Sharing your child’s health information
So your child can get the best possible health care, health professionals might need to share information with treatment team members.
Health professionals share only information that benefits your child’s treatment and care. The professional will usually ask for your child’s permission to share information. If there are particular things your child doesn’t want to be shared, encourage him to tell the health professional.
In public hospitals relevant health care information can be shared among treating health professionals (without formal consent) when it helps patient care – for example, test results and information about treatments or interventions.
Public hospitals also usually pass on relevant information about treatment to the patient’s GP – for example, information about visits to emergency departments or hospital admissions.
Sharing health information between public and private services or between private health professionals needs your child’s permission.
How teenagers can raise health care concerns
If your child has any concerns about privacy, confidentiality, type of treatment, length of treatment or the way she’s being treated, it’s best if she raises them with the health professional at the time.
If this doesn’t sort out the concern, your child can lodge a complaint through the Australian Health Practitioner Regulation Agency (AHPRA).
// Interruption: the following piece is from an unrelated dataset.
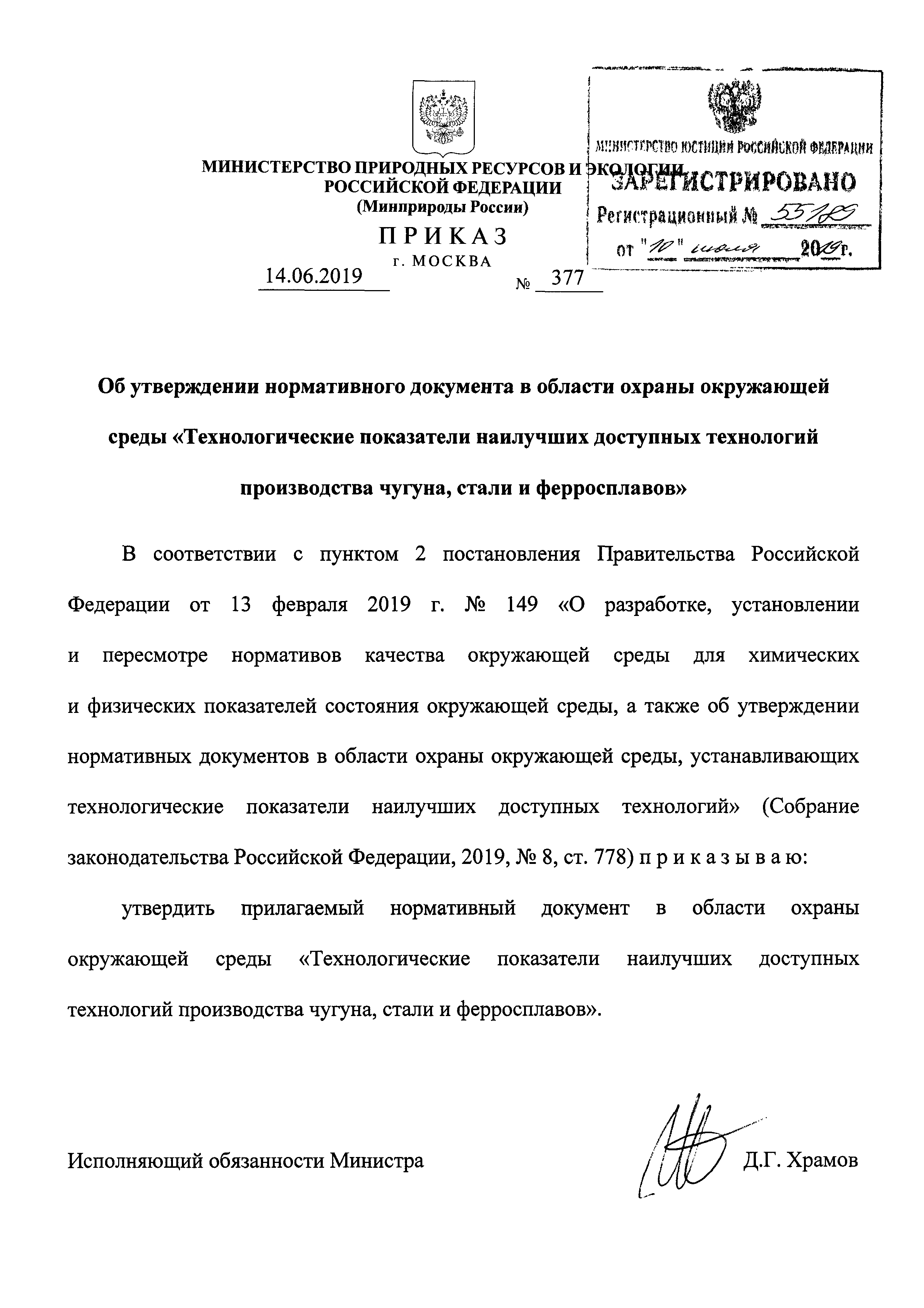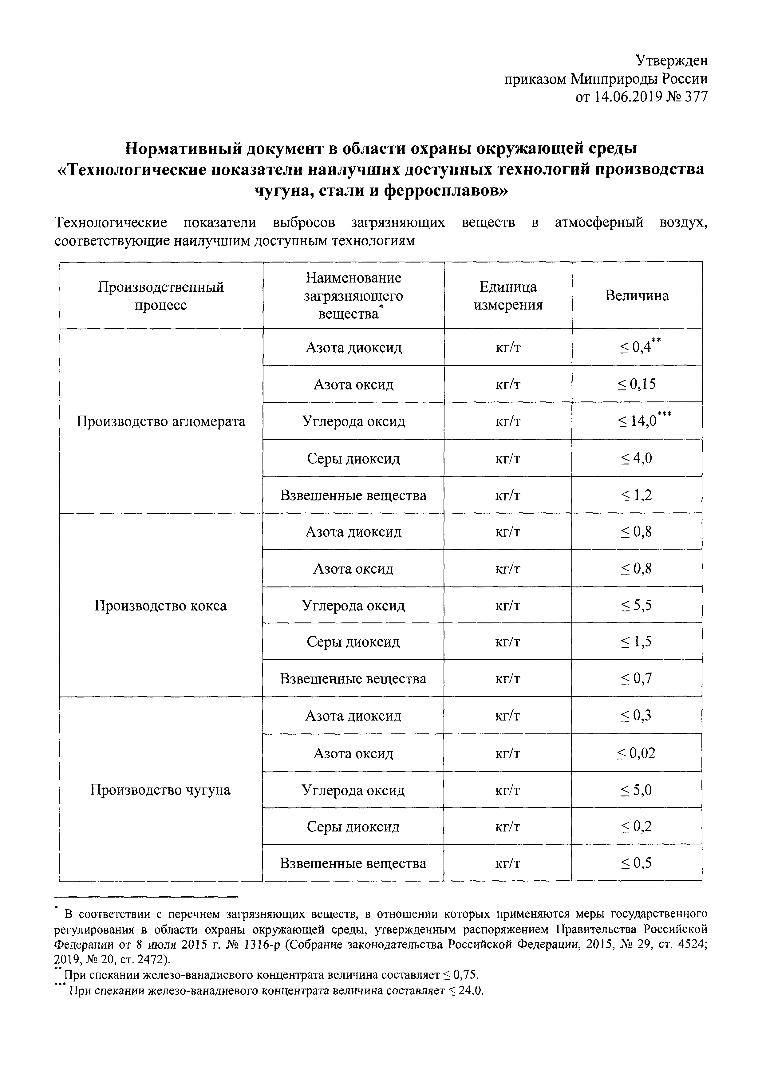 Нормативный документ в области охраны окружающей среды "Технологические показатели наилучших доступных технологий производства чугуна, стали и ферросплавов"| Статус: | действует | | Название рус.: | Нормативный документ в области охраны окружающей среды "Технологические показатели наилучших доступных технологий производства чугуна, стали и ферросплавов" | | Дата добавления в базу: | 01.02.2020 | | Дата актуализации: | 01.01.2021 | | Дата введения: | 21.07.2019 | | Утверждён: | 14.06.2019 Министерство природных ресурсов и экологии Российской Федерации (377)

AHPRA manages the governing boards of many health professions.
Your child can also contact the Australian Healthcare Complaints Commissioner for your state or territory. This agency can look into complaints about medical and health care.
Teenagers and Medicare
Medicare is Australia’s universal health care scheme, funded by the Australian Government. It gives all Australian citizens access to a wide range of health services at little or no cost.
You need a Medicare card to get Medicare benefits. Your child can get his own Medicare card when he’s 15, or younger if you ask for it. Your child can also choose to stay on your family Medicare card and have a copy made to keep with him.
Bulk billing is when Medicare pays the whole cost of seeing a health professional, but not all health professionals and services use bulk billing. If your child is making her own medical appointments, remind her to ask if the service or professional bulk bills. If they don’t, your child can ask whether she can get a Medicare rebate.
A Medicare rebate is when you pay a fee to see a health professional and then get part of the fee or the whole fee back from Medicare. Many GPs and specialists reimburse Medicare rebates when you see them, providing you’re registered with Medicare.
There’s often a gap between what health professionals charge and what Medicare pays. This is called a ‘gap fee’ and varies depending on what the health professional charges.